* [WHAT THIS TASK INVOLVES] Beginning with the first entry, restate the data word for word and leave out the images.

[EXTRACTED DATA — start]

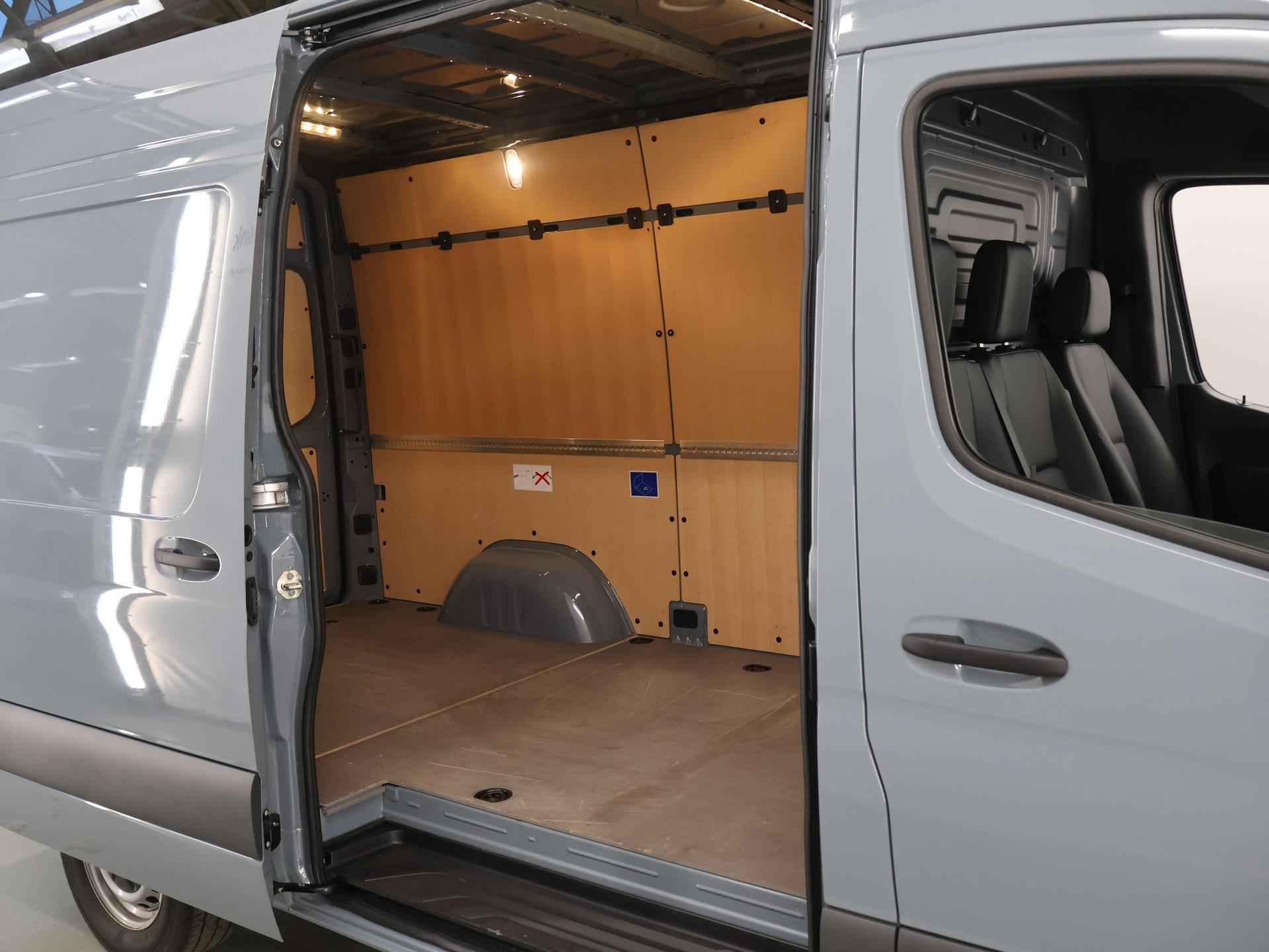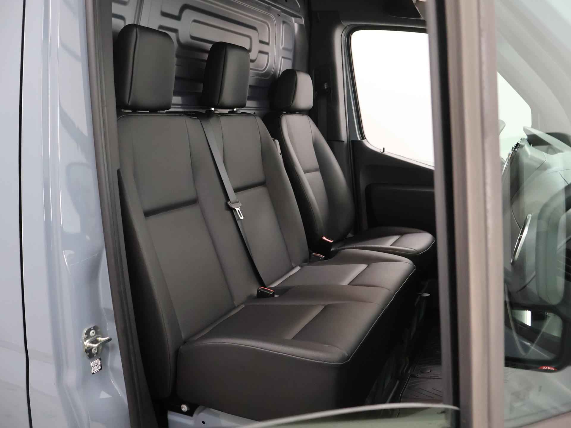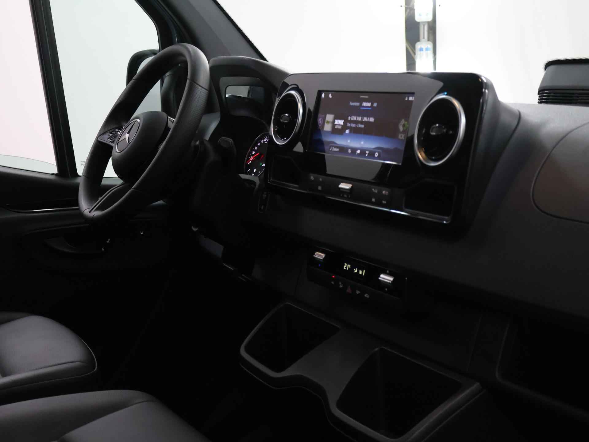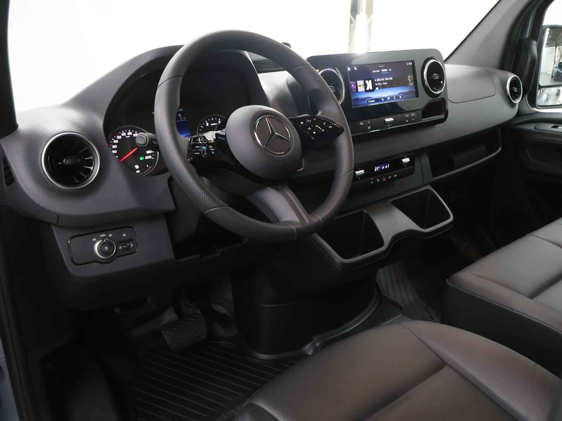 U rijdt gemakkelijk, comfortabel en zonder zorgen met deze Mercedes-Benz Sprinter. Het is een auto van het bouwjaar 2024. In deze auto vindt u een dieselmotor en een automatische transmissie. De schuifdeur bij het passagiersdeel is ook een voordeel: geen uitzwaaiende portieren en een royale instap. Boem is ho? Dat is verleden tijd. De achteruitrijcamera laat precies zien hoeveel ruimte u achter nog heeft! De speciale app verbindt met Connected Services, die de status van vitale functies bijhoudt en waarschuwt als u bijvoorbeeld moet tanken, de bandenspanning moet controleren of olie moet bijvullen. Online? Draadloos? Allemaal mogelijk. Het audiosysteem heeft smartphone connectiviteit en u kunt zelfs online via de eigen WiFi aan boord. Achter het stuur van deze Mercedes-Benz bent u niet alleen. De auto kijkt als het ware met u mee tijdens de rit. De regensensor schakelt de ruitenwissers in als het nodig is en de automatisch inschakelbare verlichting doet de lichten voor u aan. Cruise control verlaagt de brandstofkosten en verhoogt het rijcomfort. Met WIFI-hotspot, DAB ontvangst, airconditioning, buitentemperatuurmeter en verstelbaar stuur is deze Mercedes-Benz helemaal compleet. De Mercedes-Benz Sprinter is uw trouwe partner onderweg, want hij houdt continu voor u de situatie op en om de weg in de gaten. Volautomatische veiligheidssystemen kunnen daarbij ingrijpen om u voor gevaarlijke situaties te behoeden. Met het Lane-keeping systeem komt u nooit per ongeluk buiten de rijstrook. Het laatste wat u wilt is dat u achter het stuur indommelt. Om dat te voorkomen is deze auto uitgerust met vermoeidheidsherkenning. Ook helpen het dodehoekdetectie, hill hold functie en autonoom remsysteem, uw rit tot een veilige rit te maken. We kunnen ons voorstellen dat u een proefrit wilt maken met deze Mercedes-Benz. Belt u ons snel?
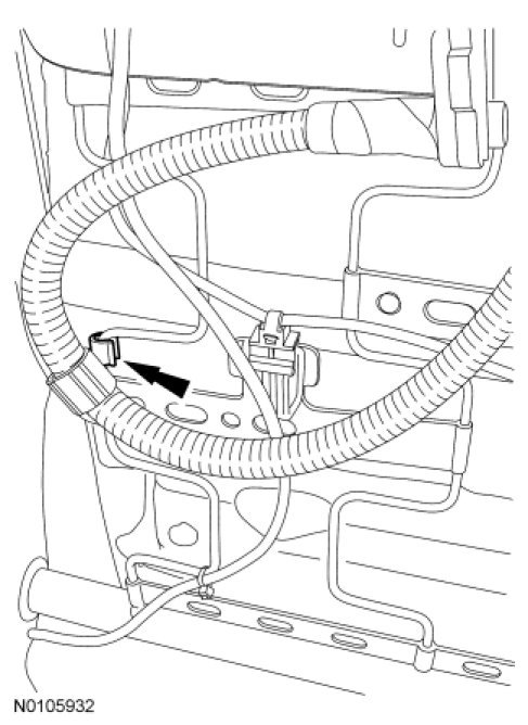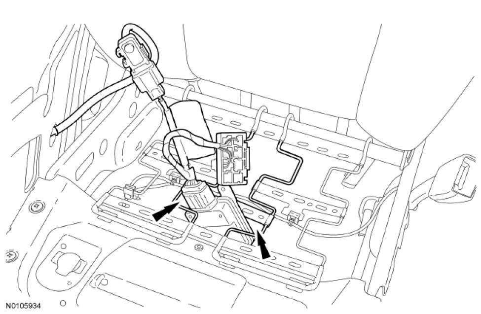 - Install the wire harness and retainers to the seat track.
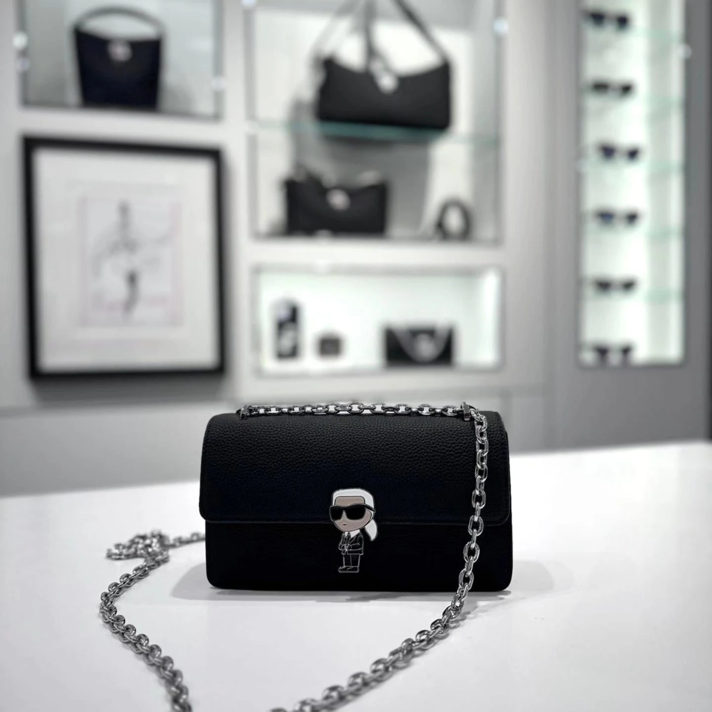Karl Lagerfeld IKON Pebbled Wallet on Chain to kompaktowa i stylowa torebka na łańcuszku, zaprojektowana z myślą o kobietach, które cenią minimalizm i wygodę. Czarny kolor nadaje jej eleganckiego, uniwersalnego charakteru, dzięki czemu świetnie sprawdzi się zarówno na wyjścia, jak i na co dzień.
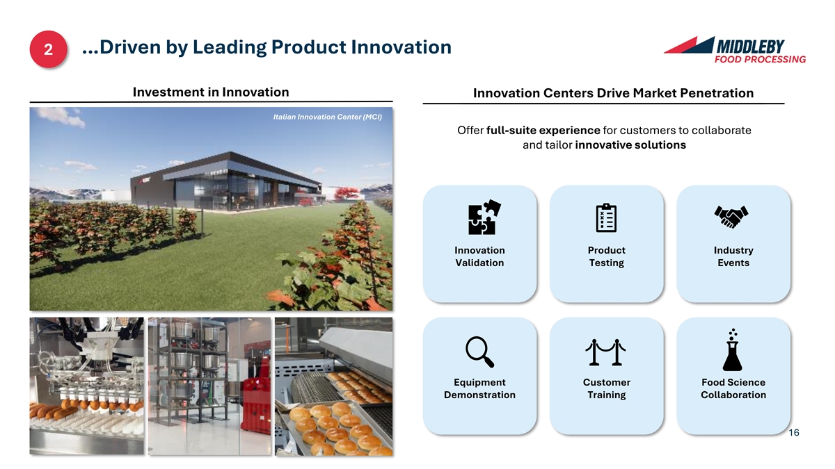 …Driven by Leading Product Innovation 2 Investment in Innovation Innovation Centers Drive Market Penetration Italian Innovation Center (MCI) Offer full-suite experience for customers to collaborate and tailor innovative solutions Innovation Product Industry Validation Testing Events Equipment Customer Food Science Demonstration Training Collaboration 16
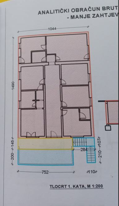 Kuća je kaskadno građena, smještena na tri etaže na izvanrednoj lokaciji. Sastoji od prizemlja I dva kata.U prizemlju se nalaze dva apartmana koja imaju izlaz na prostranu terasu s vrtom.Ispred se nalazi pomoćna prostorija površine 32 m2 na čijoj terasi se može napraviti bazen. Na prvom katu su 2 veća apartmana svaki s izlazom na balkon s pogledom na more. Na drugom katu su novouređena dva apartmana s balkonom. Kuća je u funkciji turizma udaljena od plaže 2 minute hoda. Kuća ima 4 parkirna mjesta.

[EXTRACTED DATA — finish]

* [RESPONSE AREA]
 U rijdt gemakkelijk, comfortabel en zonder zorgen met deze Mercedes-Benz Sprinter. Het is een auto van het bouwjaar 2024. In deze auto vindt u een dieselmotor en een automatische transmissie. De schuifdeur bij het passagiersdeel is ook een voordeel: geen uitzwaaiende portieren en een royale instap. Boem is ho? Dat is verleden tijd. De achteruitrijcamera laat precies zien hoeveel ruimte u achter nog heeft! De speciale app verbindt met Connected Services, die de status van vitale functies bijhoudt en waarschuwt als u bijvoorbeeld moet tanken, de bandenspanning moet controleren of olie moet bijvullen. Online? Draadloos? Allemaal mogelijk. Het audiosysteem heeft smartphone connectiviteit en u kunt zelfs online via de eigen WiFi aan boord. Achter het stuur van deze Mercedes-Benz bent u niet alleen. De auto kijkt als het ware met u mee tijdens de rit. De regensensor schakelt de ruitenwissers in als het nodig is en de automatisch inschakelbare verlichting doet de lichten voor u aan. Cruise control verlaagt de brandstofkosten en verhoogt het rijcomfort. Met WIFI-hotspot, DAB ontvangst, airconditioning, buitentemperatuurmeter en verstelbaar stuur is deze Mercedes-Benz helemaal compleet. De Mercedes-Benz Sprinter is uw trouwe partner onderweg, want hij houdt continu voor u de situatie op en om de weg in de gaten. Volautomatische veiligheidssystemen kunnen daarbij ingrijpen om u voor gevaarlijke situaties te behoeden. Met het Lane-keeping systeem komt u nooit per ongeluk buiten de rijstrook. Het laatste wat u wilt is dat u achter het stuur indommelt. Om dat te voorkomen is deze auto uitgerust met vermoeidheidsherkenning. Ook helpen het dodehoekdetectie, hill hold functie en autonoom remsysteem, uw rit tot een veilige rit te maken. We kunnen ons voorstellen dat u een proefrit wilt maken met deze Mercedes-Benz. Belt u ons snel?
 - Install the wire harness and retainers to the seat track.
Karl Lagerfeld IKON Pebbled Wallet on Chain to kompaktowa i stylowa torebka na łańcuszku, zaprojektowana z myślą o kobietach, które cenią minimalizm i wygodę. Czarny kolor nadaje jej eleganckiego, uniwersalnego charakteru, dzięki czemu świetnie sprawdzi się zarówno na wyjścia, jak i na co dzień.
 …Driven by Leading Product Innovation 2 Investment in Innovation Innovation Centers Drive Market Penetration Italian Innovation Center (MCI) Offer full-suite experience for customers to collaborate and tailor innovative solutions Innovation Product Industry Validation Testing Events Equipment Customer Food Science Demonstration Training Collaboration 16
 Kuća je kaskadno građena, smještena na tri etaže na izvanrednoj lokaciji. Sastoji od prizemlja I dva kata.U prizemlju se nalaze dva apartmana koja imaju izlaz na prostranu terasu s vrtom.Ispred se nalazi pomoćna prostorija površine 32 m2 na čijoj terasi se može napraviti bazen. Na prvom katu su 2 veća apartmana svaki s izlazom na balkon s pogledom na more. Na drugom katu su novouređena dva apartmana s balkonom. Kuća je u funkciji turizma udaljena od plaže 2 minute hoda. Kuća ima 4 parkirna mjesta.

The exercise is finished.